— Problem details —
Output the records below in full, word for word; pictures do not belong in it.
--- Extracted data Enclosed Below ---
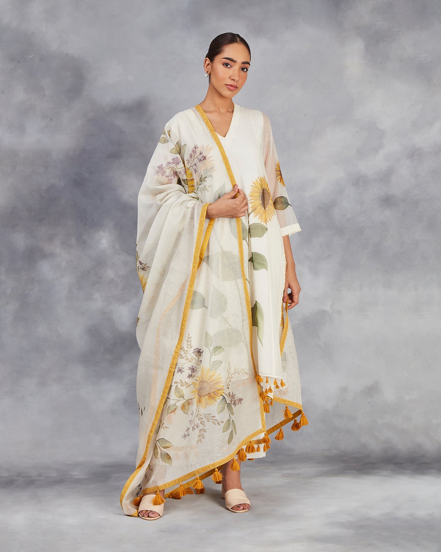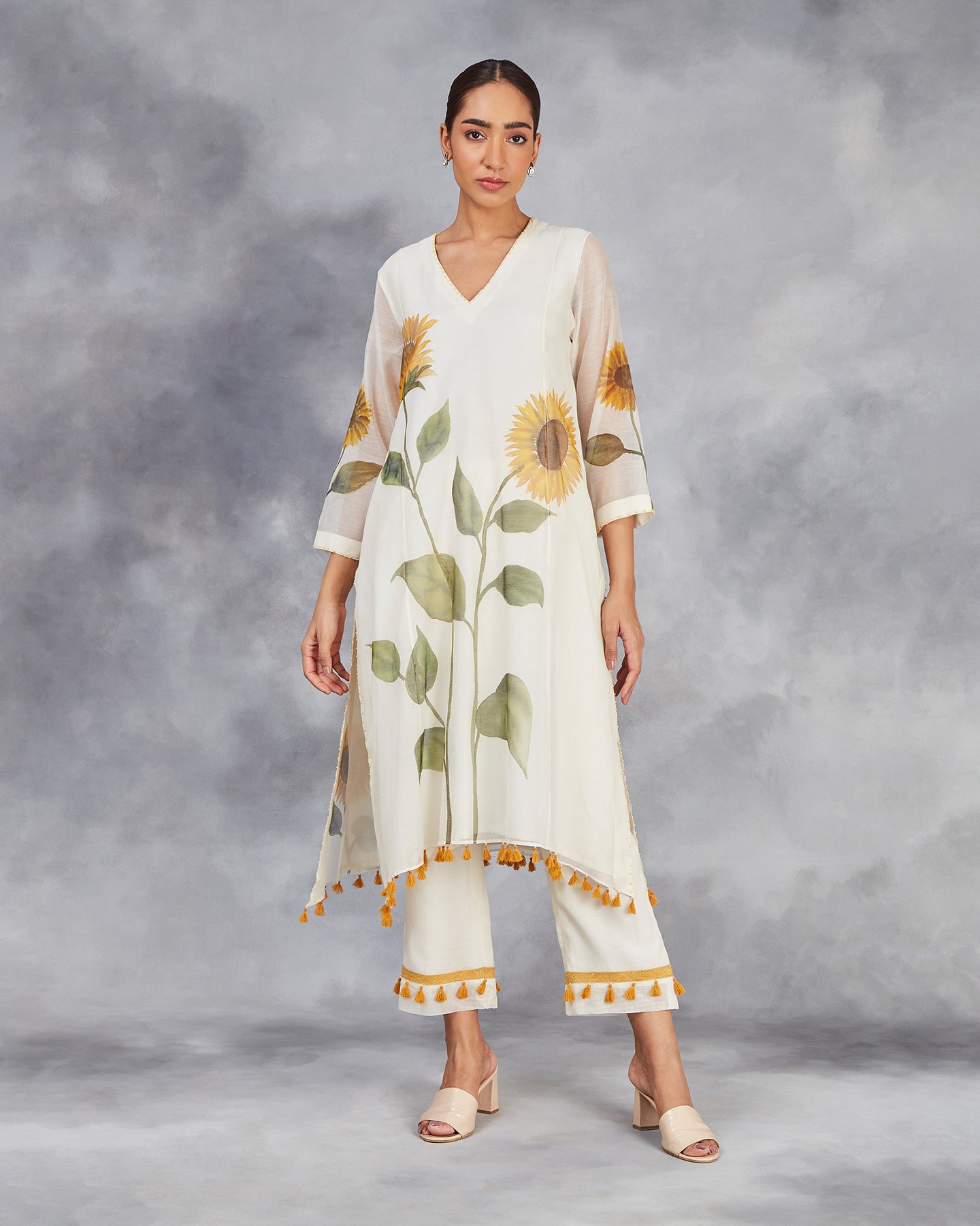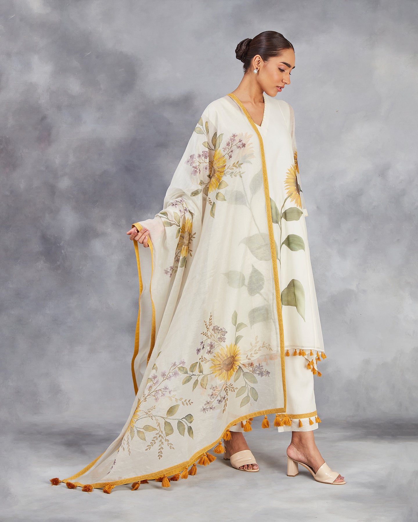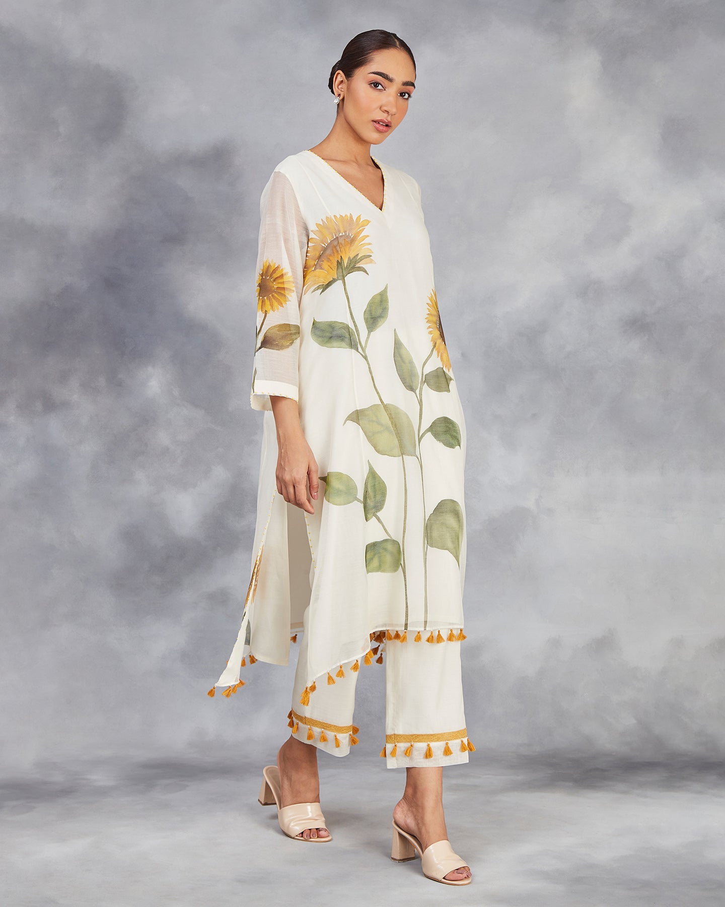 Experience timeless elegance with our off-white handwoven chanderi mulmul kurta set. The long kurta features a V-neckline and three-quarter sleeves. Matched with a pair of straight pants and a luxurious handwoven cotton tissue dupatta. All accentuated with delicate hand-painted sunflowers, cotton thread tassels and pearls.
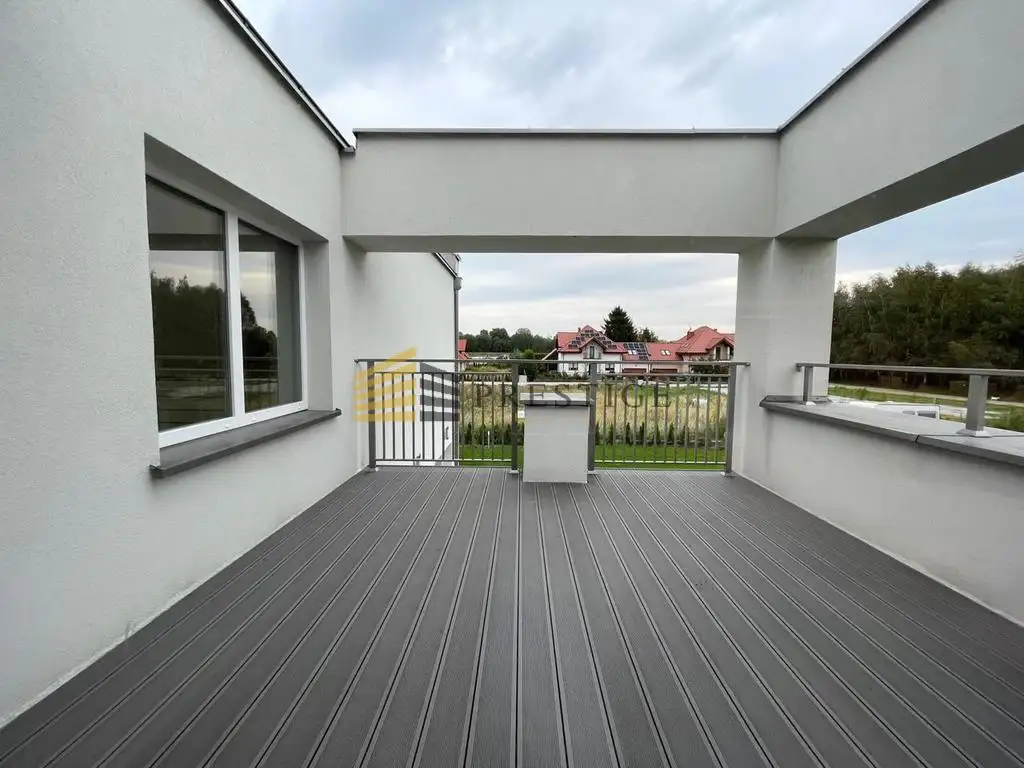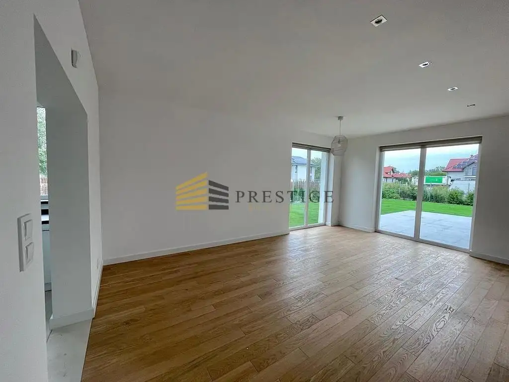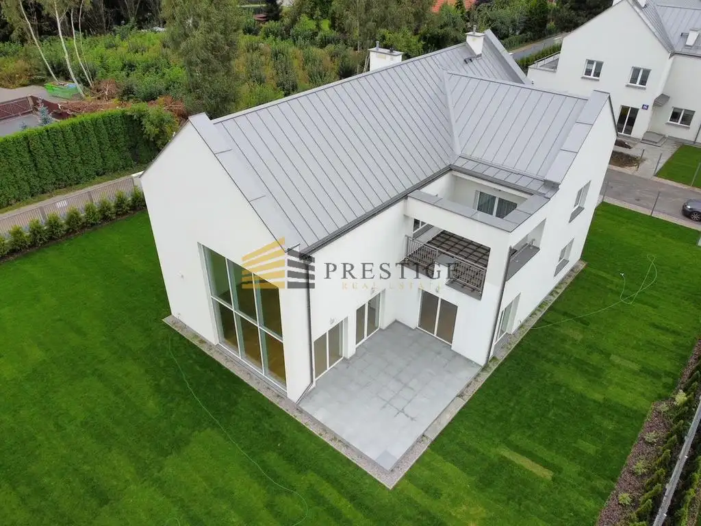 The subject of the offer is a large house in the Wilno-Zawady district of Warsaw. It is located in an intimate estate of single-family houses. The house has been designed with the maximum comfort of its users in mind. The heart of the house is a spacious living room with huge windows and a high ceiling that gives an amazing feeling of space and light. On the ground floor, you will also find a modern, fully equipped kitchen, dining rooms and a toilet. located The intimate atmosphere and the proximity of green areas guarantee peace and the opportunity to enjoy the charms of nature. The house also has 4 bedrooms, 2 bathrooms, spacious terraces by each bedroom and a garage for two large cars. Possibility to park another car in the driveway.
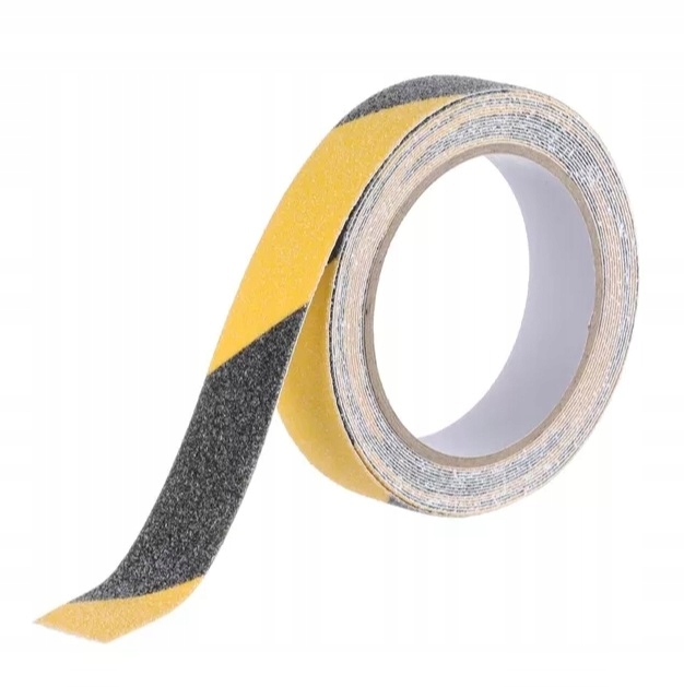 Лента противоскользящая желто-черная 25мм 18м предупреждающая разметка ЛЕСТНИЦЫ
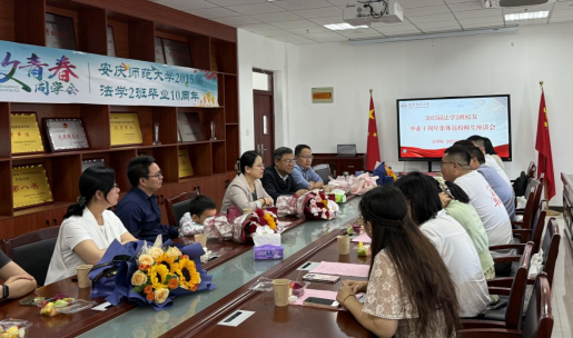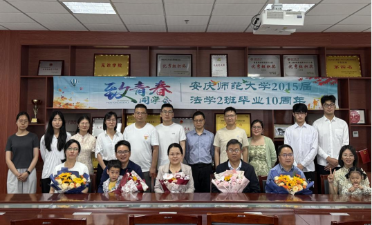 5月11日,太阳集团tyc97282015届法学2班员工举行毕业十周年集体返校活动。2015届法学2班辅导员、公司党委巡察办主任汪博武,太阳集团tyc9728员工分会会长、党委书记钱敏,太阳集团tyc9728副经理邱少晖,太阳集团tyc9728员工分会秘书长、教学秘书李丹以及任课老师代表张宗高等与员工代表、在校生代表在法学楼301会议室举行师生座谈会。
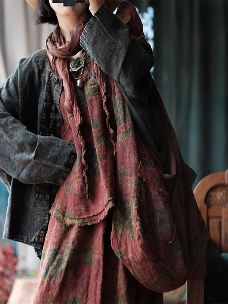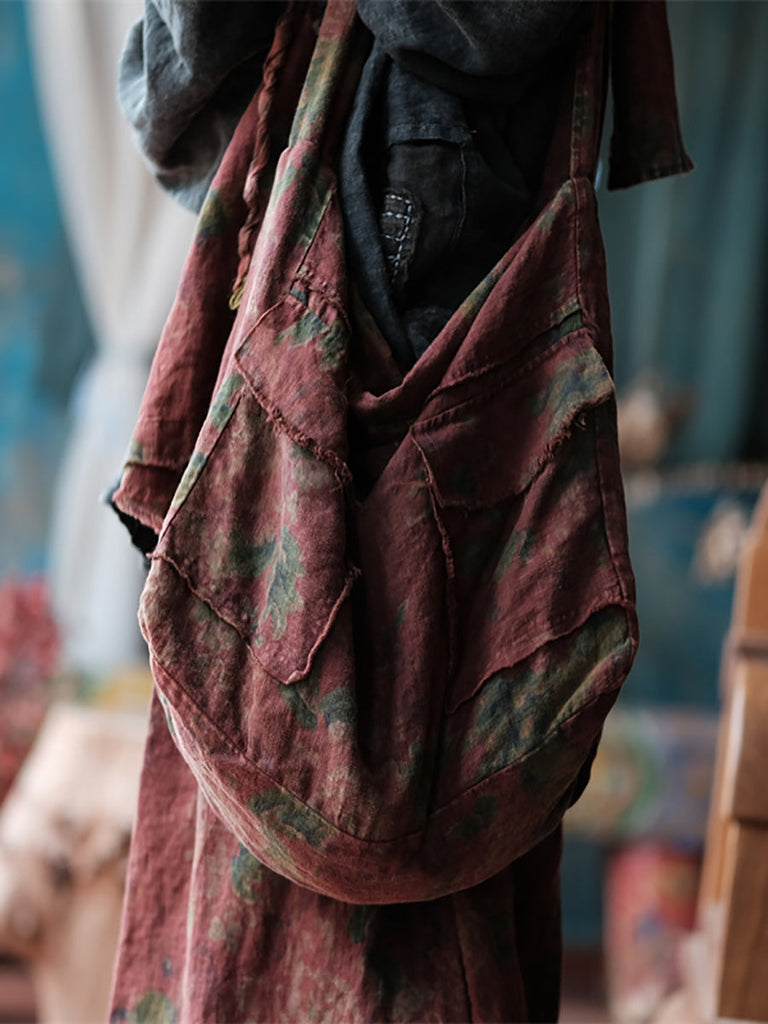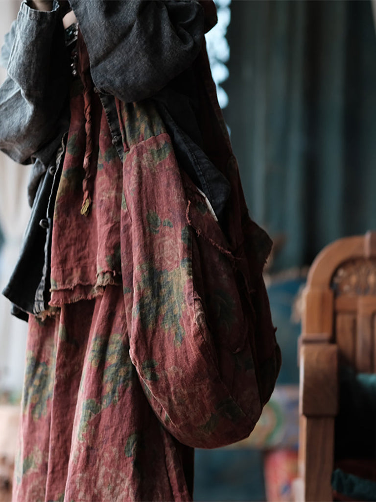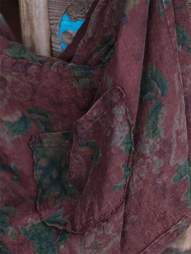 Sac bandoulière femme rétro à motif floral en lin AI1011
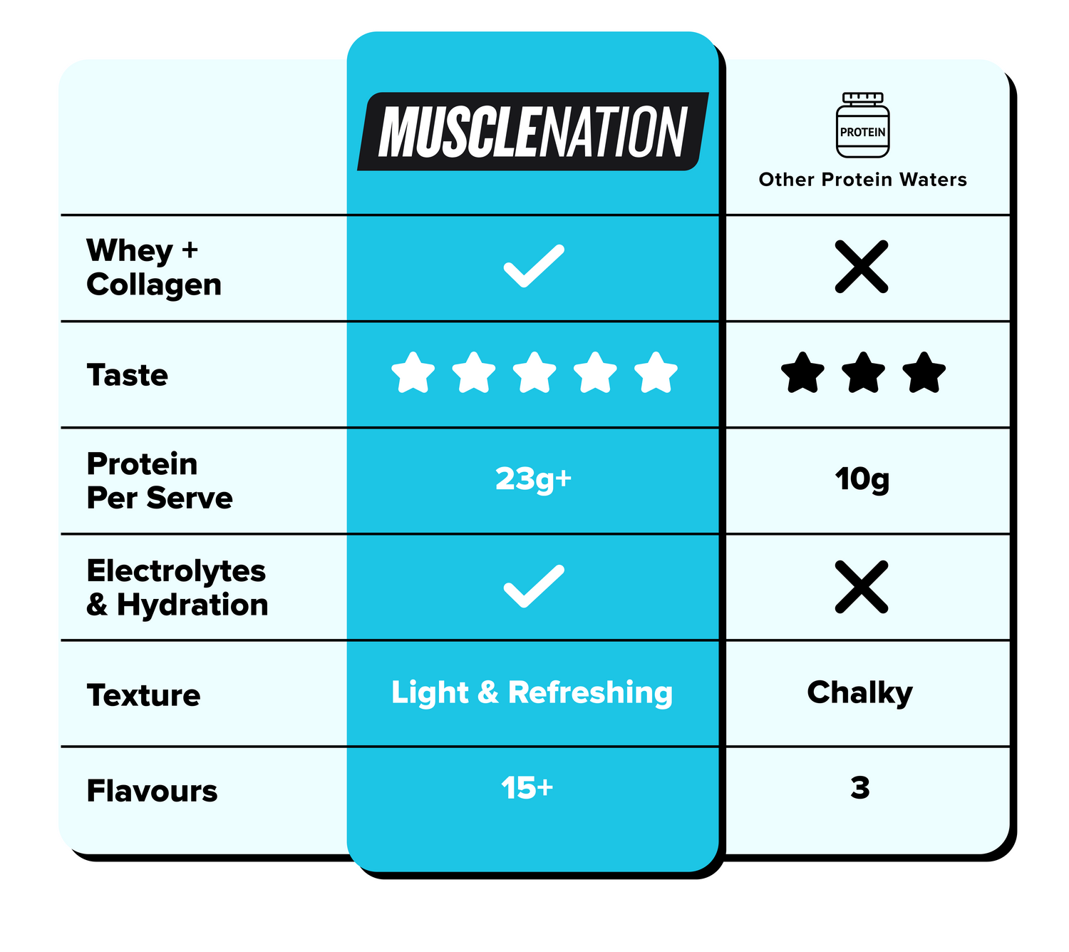 It's like drinking water, but fruity and refreshing! With the benefits of protein, collagen, electrolytes and BCAA’s, the Muscle Nation Protein Water is a fruity and thirst quenching drink to use any time of the day to help increase your protein intake.
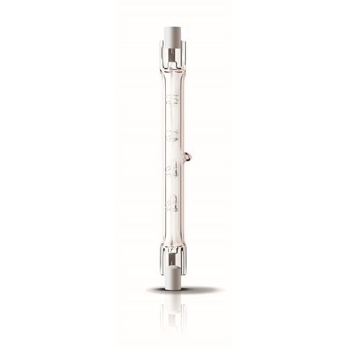 Double-ended bulb runs from mains voltage and features a coiled-coil filament, giving a bright white halogen light
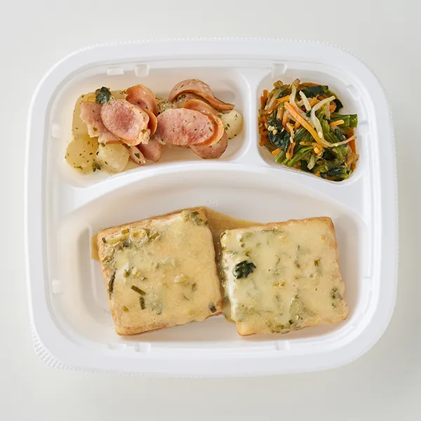 厚揚げのネギ味噌チーズ(厚揚げ(国内製造)、プロセスチーズ、半固体状ドレッシング、ねぎ、合わせみそ、本みりん、醤油)、大根とウインナーのコンソメ煮(だいこん、ウインナーソーセージ、乾燥スープ(コンソメ)、ドライパセリ、黒コショウ)、3色ナムル(ほうれん草、緑豆もやし、にんじん、食用調合油、醤油、白ごま)/加工澱粉、豆腐用凝固剤、調味料(アミノ酸等)、乳化剤、セルロース、酸味料、リン酸塩(Na)、酸化防止剤(V.C)、pH調整剤、増粘剤(加工澱粉、増粘多糖類)、発色剤(亜硝酸Na)、着色料(コチニール、カラメル)、香辛料抽出物、(一部に小麦・卵・乳成分・牛肉・ごま・大豆・鶏肉・豚肉・りんご・ゼラチンを含む)
--- End of Enclosed Extracted data ---
— Output for this exercise —
 Experience timeless elegance with our off-white handwoven chanderi mulmul kurta set. The long kurta features a V-neckline and three-quarter sleeves. Matched with a pair of straight pants and a luxurious handwoven cotton tissue dupatta. All accentuated with delicate hand-painted sunflowers, cotton thread tassels and pearls.
 The subject of the offer is a large house in the Wilno-Zawady district of Warsaw. It is located in an intimate estate of single-family houses. The house has been designed with the maximum comfort of its users in mind. The heart of the house is a spacious living room with huge windows and a high ceiling that gives an amazing feeling of space and light. On the ground floor, you will also find a modern, fully equipped kitchen, dining rooms and a toilet. located The intimate atmosphere and the proximity of green areas guarantee peace and the opportunity to enjoy the charms of nature. The house also has 4 bedrooms, 2 bathrooms, spacious terraces by each bedroom and a garage for two large cars. Possibility to park another car in the driveway.
 Лента противоскользящая желто-черная 25мм 18м предупреждающая разметка ЛЕСТНИЦЫ
 5月11日,太阳集团tyc97282015届法学2班员工举行毕业十周年集体返校活动。2015届法学2班辅导员、公司党委巡察办主任汪博武,太阳集团tyc9728员工分会会长、党委书记钱敏,太阳集团tyc9728副经理邱少晖,太阳集团tyc9728员工分会秘书长、教学秘书李丹以及任课老师代表张宗高等与员工代表、在校生代表在法学楼301会议室举行师生座谈会。
 Sac bandoulière femme rétro à motif floral en lin AI1011
 It's like drinking water, but fruity and refreshing! With the benefits of protein, collagen, electrolytes and BCAA’s, the Muscle Nation Protein Water is a fruity and thirst quenching drink to use any time of the day to help increase your protein intake.
 Double-ended bulb runs from mains voltage and features a coiled-coil filament, giving a bright white halogen light
 厚揚げのネギ味噌チーズ(厚揚げ(国内製造)、プロセスチーズ、半固体状ドレッシング、ねぎ、合わせみそ、本みりん、醤油)、大根とウインナーのコンソメ煮(だいこん、ウインナーソーセージ、乾燥スープ(コンソメ)、ドライパセリ、黒コショウ)、3色ナムル(ほうれん草、緑豆もやし、にんじん、食用調合油、醤油、白ごま)/加工澱粉、豆腐用凝固剤、調味料(アミノ酸等)、乳化剤、セルロース、酸味料、リン酸塩(Na)、酸化防止剤(V.C)、pH調整剤、増粘剤(加工澱粉、増粘多糖類)、発色剤(亜硝酸Na)、着色料(コチニール、カラメル)、香辛料抽出物、(一部に小麦・卵・乳成分・牛肉・ごま・大豆・鶏肉・豚肉・りんご・ゼラチンを含む)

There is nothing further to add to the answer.